TASK TO COMPLETE: Only the images get left out; everything else in the records is to be transcribed exactly.

ENTRIES SHOWN:
+-------+
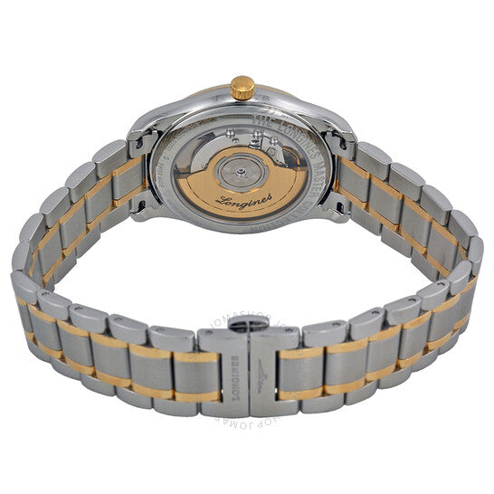 Silver-tone stainless steel case with a two-tone (silver-tone and yellow gold-tone) stainless steel with 18kt yellow gold bracelet. Fixed yellow gold-tone 18kt yellow gold bezel. White dial with yellow gold-tone hands and stick hour markers. Minute markers around the outer rim. Dial Type: Analog. Date display at the 3 o'clock position. Longines Calibre L619 Automatic movement, based upon ETA 2892-A2, containing 21 Jewels, bitting at 28800 vph, and has a power reserve of approximately 42 hours. Scratch resistant sapphire crystal. Skeleton case back. Round case shape, case size: 36 mm. Deployment with push button release clasp. Water resistant at 30 meters / 100 feet. Functions: date, hour, minute, second. Master Collection Series. Dress watch style. Watch label: Swiss Made. Item Variations: L2 518 5 12 7, L2-518-5-12-7, L2/518/5/12/7, L25185127. Longines Master Collection Automatic White Dial Men's Watch L2.518.5.12.7.
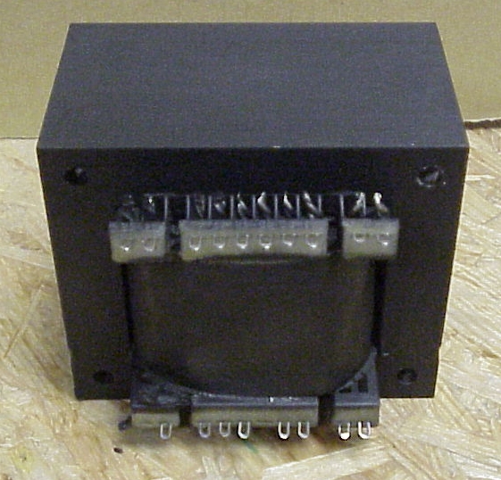 use with tube circuits. Primary : 100/127/230 V, can be used worldwide !!! , Secondaries: 2*270 V 0,2 A 2* 50 V 0,2 A 6,3 V 2 A 5 V 3,5 A 6,3 V 7 A B+ secondaries can also be connected in parallel for use with a rectifier bridge. The 50 V secondaries can be used for biasing or in series wit hthe 270 V secondaries to get a 320 V plate supply. Made in Germany. Measures:96mm*84mm* 100mm. |
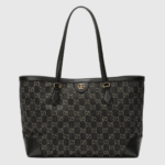 The Ophidia line continues to weave historical elements into the House’s contemporary narrative. Inspired by the original Gucci rhombi motif from the ’30s, the GG pattern is an integral part of the brand’s history. Here, the monogram is presented with a contemporary feel in black and ivory denim.
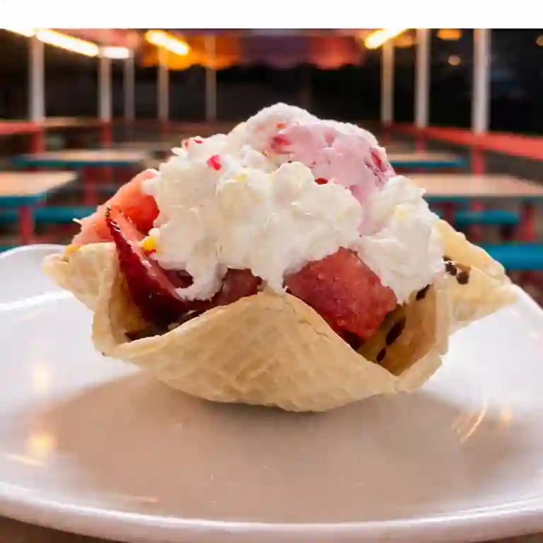 2 bolas de helado, chantilly, barquillo, cereza, salsas de preferencia
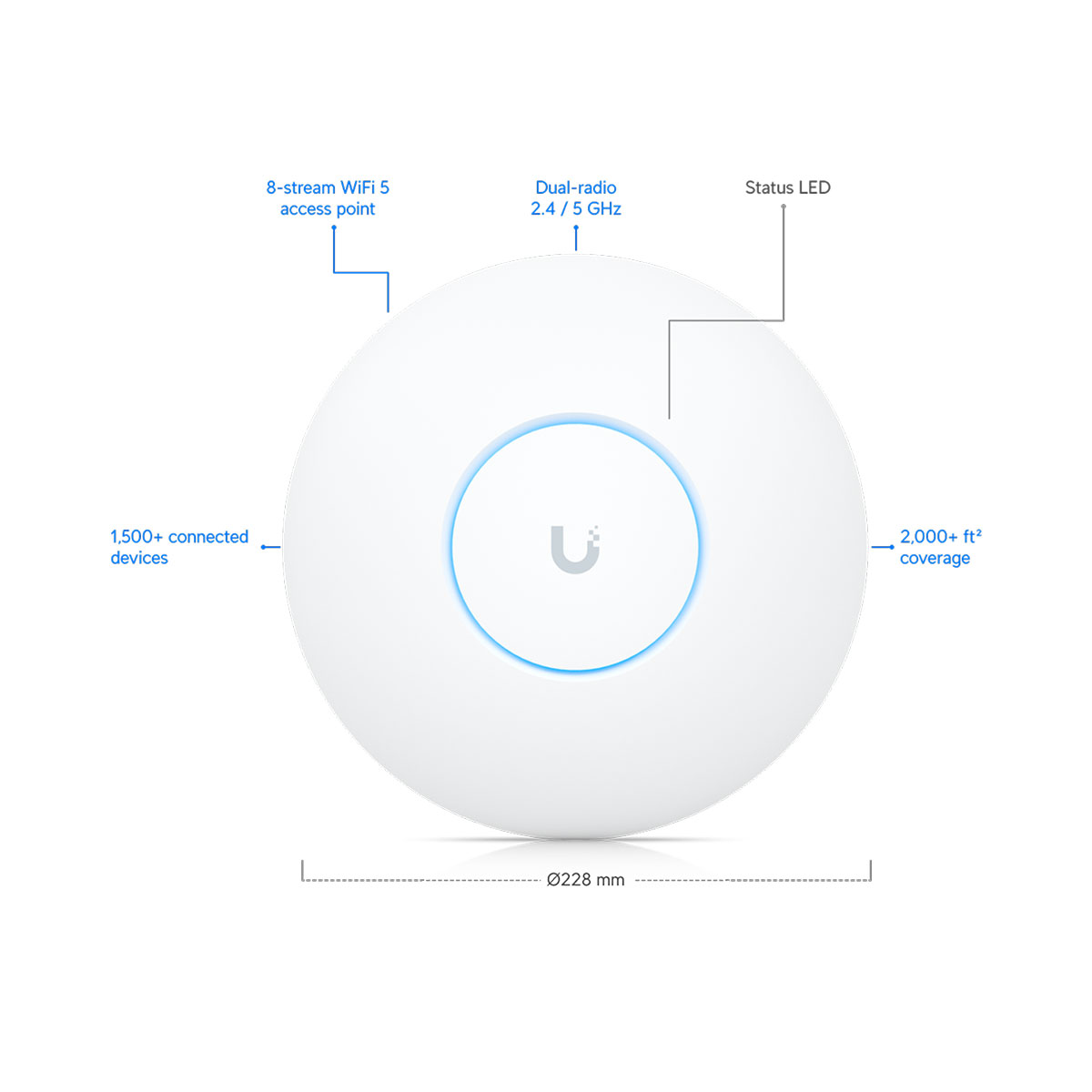 Easy Mounting Its sleek design seamlessly integrates into any environment (all accessories included) and is compatible with existing UAP-AC-PRO mounts.
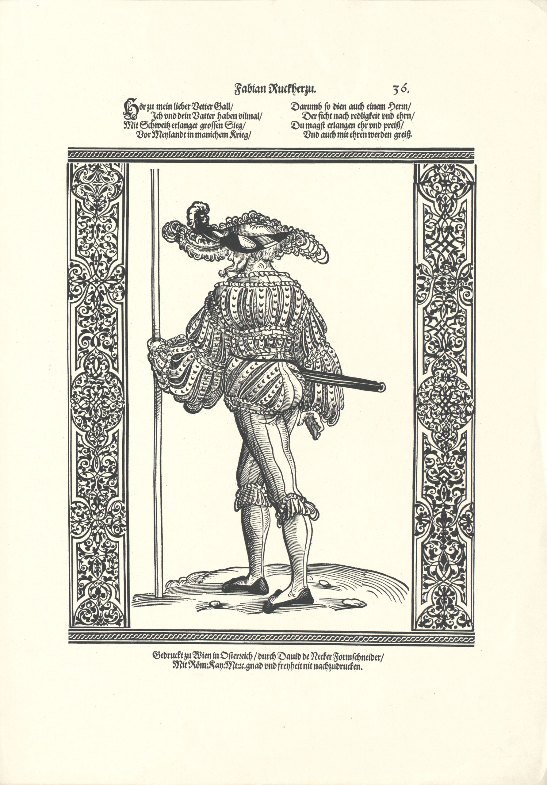 - Blatt 36 aus einer Folge von Reproduktionen nach Holzschnitten von Jost de Negker, ursprünglich herausgegeben in Wien (Edelleute/Krieger) (vom Bearbeiter vergebener Titel)
+-------+
REPLY TO THE EXERCISE:
 Silver-tone stainless steel case with a two-tone (silver-tone and yellow gold-tone) stainless steel with 18kt yellow gold bracelet. Fixed yellow gold-tone 18kt yellow gold bezel. White dial with yellow gold-tone hands and stick hour markers. Minute markers around the outer rim. Dial Type: Analog. Date display at the 3 o'clock position. Longines Calibre L619 Automatic movement, based upon ETA 2892-A2, containing 21 Jewels, bitting at 28800 vph, and has a power reserve of approximately 42 hours. Scratch resistant sapphire crystal. Skeleton case back. Round case shape, case size: 36 mm. Deployment with push button release clasp. Water resistant at 30 meters / 100 feet. Functions: date, hour, minute, second. Master Collection Series. Dress watch style. Watch label: Swiss Made. Item Variations: L2 518 5 12 7, L2-518-5-12-7, L2/518/5/12/7, L25185127. Longines Master Collection Automatic White Dial Men's Watch L2.518.5.12.7.
 use with tube circuits. Primary : 100/127/230 V, can be used worldwide !!! , Secondaries: 2*270 V 0,2 A 2* 50 V 0,2 A 6,3 V 2 A 5 V 3,5 A 6,3 V 7 A B+ secondaries can also be connected in parallel for use with a rectifier bridge. The 50 V secondaries can be used for biasing or in series wit hthe 270 V secondaries to get a 320 V plate supply. Made in Germany. Measures:96mm*84mm* 100mm. |
 The Ophidia line continues to weave historical elements into the House’s contemporary narrative. Inspired by the original Gucci rhombi motif from the ’30s, the GG pattern is an integral part of the brand’s history. Here, the monogram is presented with a contemporary feel in black and ivory denim.
 2 bolas de helado, chantilly, barquillo, cereza, salsas de preferencia
 Easy Mounting Its sleek design seamlessly integrates into any environment (all accessories included) and is compatible with existing UAP-AC-PRO mounts.
 - Blatt 36 aus einer Folge von Reproduktionen nach Holzschnitten von Jost de Negker, ursprünglich herausgegeben in Wien (Edelleute/Krieger) (vom Bearbeiter vergebener Titel)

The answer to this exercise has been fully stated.